A narrativa do Livro do Desassossego não apresenta um enredo coerente nem um desfecho derradeiro. Esta é uma narrativa episódica e ramificada, de teor hipertextual (o leitor poderá aceder ao texto através de vários pontos e, a todo o momento, poderão ser estabelecidos elos associativos entre os fragmentos) que apresenta o sujeito enunciador como matriz de todas as ações ou personagens: “Nunca tive amores tão reais, tão cheios de verve de sangue e de vida como os que tive com figuras que eu próprio criei” (Arquivo LdoD, A doçura de não ter família nem companhia: BNP/E3, 7-11). Contudo, Bernardo Soares apresenta-se por vezes como submisso a uma entidade superior: “Com que vigor da alma sozinha fiz página sobre página reclusa, vivendo sílaba a sílaba a magia falsa, não do que escrevia, mas do que supunha que escrevia! Com que encantamento de bruxedo irónico me julguei poeta da minha prosa” (Arquivo Pessoa, Releio lúcido, demoradamente, trecho a trecho, tudo quanto tenho escrito: 1689). Momentos como este, em que Soares se apercebe da sua condição ficcional, permitem entrever a existência de uma metalepse que percorre toda a obra. Deixam igualmente auscultar a voz de Fernando Pessoa ortónimo, que comunica através de uma máscara. De facto, tal como António Apolinário Lourenço afirmou, “nas páginas do Livro do Desassossego ecoam praticamente todas as vozes que habitaram Pessoa” (Lourenço, 2009: 63). Ao descrever esta personagem, será também importante ter em conta que o Livro do Desassossego não será apenas um texto em prosa poética, mas também um “drama em gente, em vez de em actos” (Arquivo Pessoa, Tábua Bibliográfica, 1928: 2700).
Apesar de não ser possível construir uma biografia densa acerca de Bernardo Soares – esta é uma “biografia sem factos”, tal como a própria personagem frisa – é possível identificar uma personagem dotada de vida. O “Sr. Soares” frequentava habitualmente uma “casa de pasto” e terá sido aí que conheceu Fernando Pessoa. Soares terá um “metro e setenta de altura, e sessenta e um quilos de peso” (Arquivo Pessoa, Prefácio: 2246). De acordo com o prefácio do Livro do Desassossego, escrito por Fernando Pessoa, Bernardo Soares era um homem que “aparentava trinta anos, magro, mais alto que baixo, curvado exageradamente quando sentado, mas menos quando de pé, vestido com um certo desleixo não inteiramente desleixado” (idem). A sua face era pálida e marcada por “aquele sofrimento que nasce da indiferença que provém de ter sofrido muito” (idem.).

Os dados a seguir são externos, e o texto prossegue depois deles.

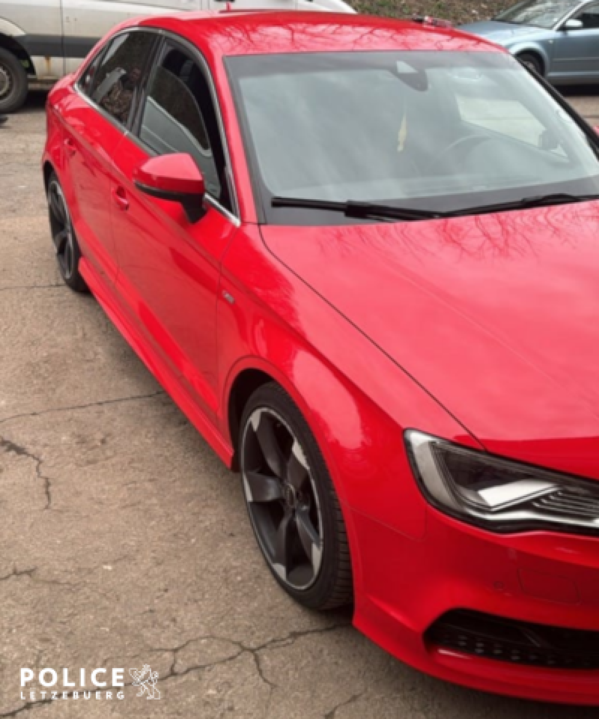The stolen vehicle is a red Audi A3 with the number plate PE7533.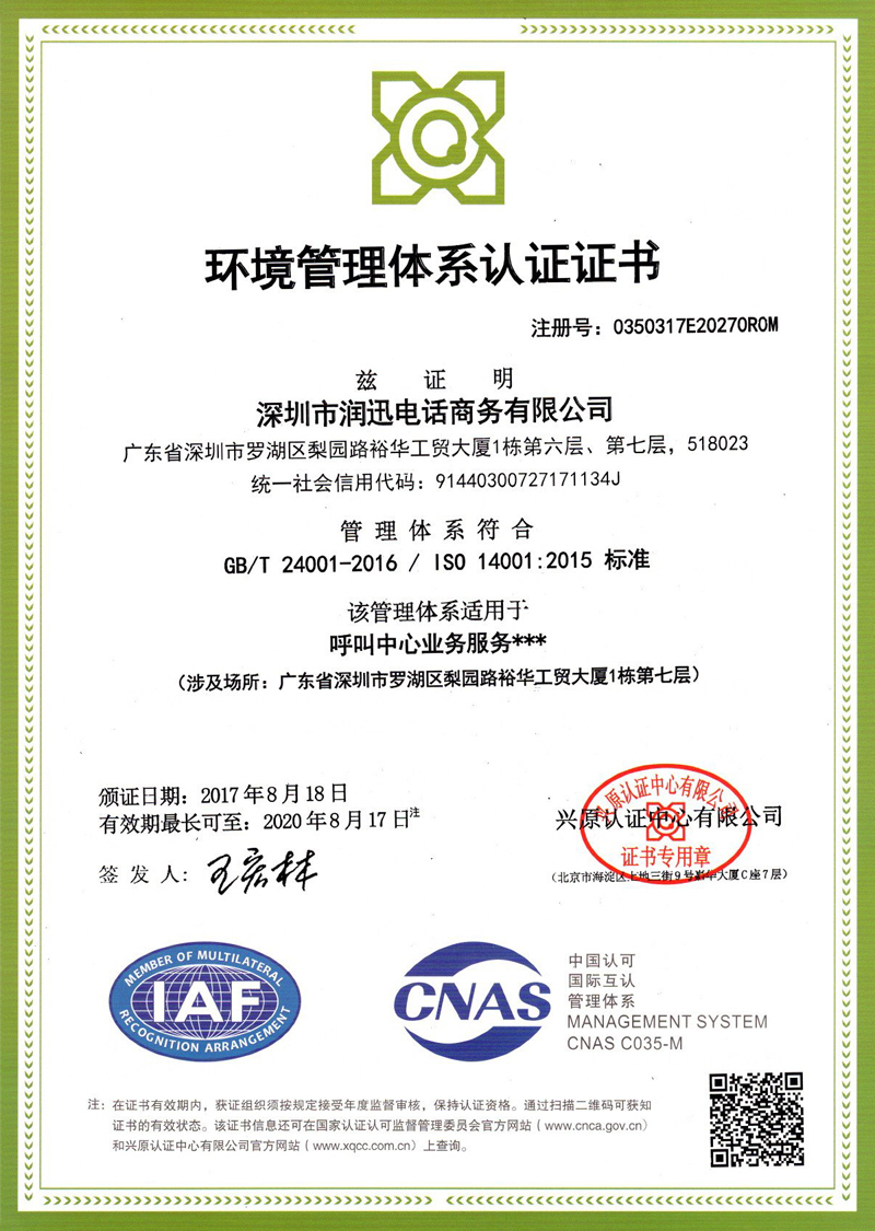 日前,深圳市润迅电话商务有限公司获得兴原认证中心有限公司颁发的环境管理体系认证证书,成为国内为数不多的获得环境管理体系(ISO14001:2015)认证标准的外包服务企业之一,将为员工及客户提供更具安全保障的工作环境。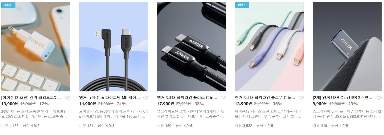 앤커 다양한 제품을 할인 판매하네요.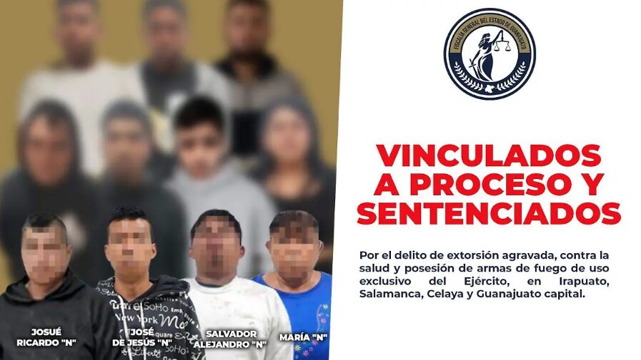 Como resultado del trabajo ministerial, los imputados fueron vinculados a proceso penal por el delito de extorsión agravada y delitos contra la salud. De ellos, cuatro ya han recibido sentencia condenatoria, con penas de varios años de prisión, lo que representa un resultado contundente en el combate a este delito de alto impacto.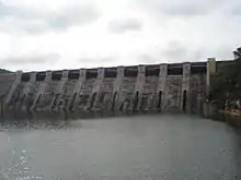 The Gandhi Sagar Dam is one of the four major dams built on India's Chambal River. The dam is located in the Mandsaur, Neemuch districts of the state of Madhya Pradesh. It is a masonry gravity dam, standing 62.17 metres (204.0 ft) high,[1] with a gross storage capacity of 7.322 billion cubic metres from a catchment area of 22,584 km2 (8,720 sq mi). The dam's foundation stone was laid by Prime Minister of India Pandit Jawaharlal Nehru on 7 March 1954,[2] and construction of the main dam was done by leading contractor Dwarka Das Agrawal & Associates and was completed in 1960. Additional dam structures were completed downstream in the 1970s.

Soares conta-nos que a sua mãe faleceu quando tinha um ano de vida e seu pai suicidou-se quando tinha três (Arquivo Pessoa, Reconheço, não sei se com tristeza, a secura humana do meu coração: 2172). Foi acolhido por umas tias na província, até que foi levado por um tio “para um escritório de Lisboa” (Arquivo LdoD, Penso, muitas vezes, em como eu seria: BNP/E3, 3-44r).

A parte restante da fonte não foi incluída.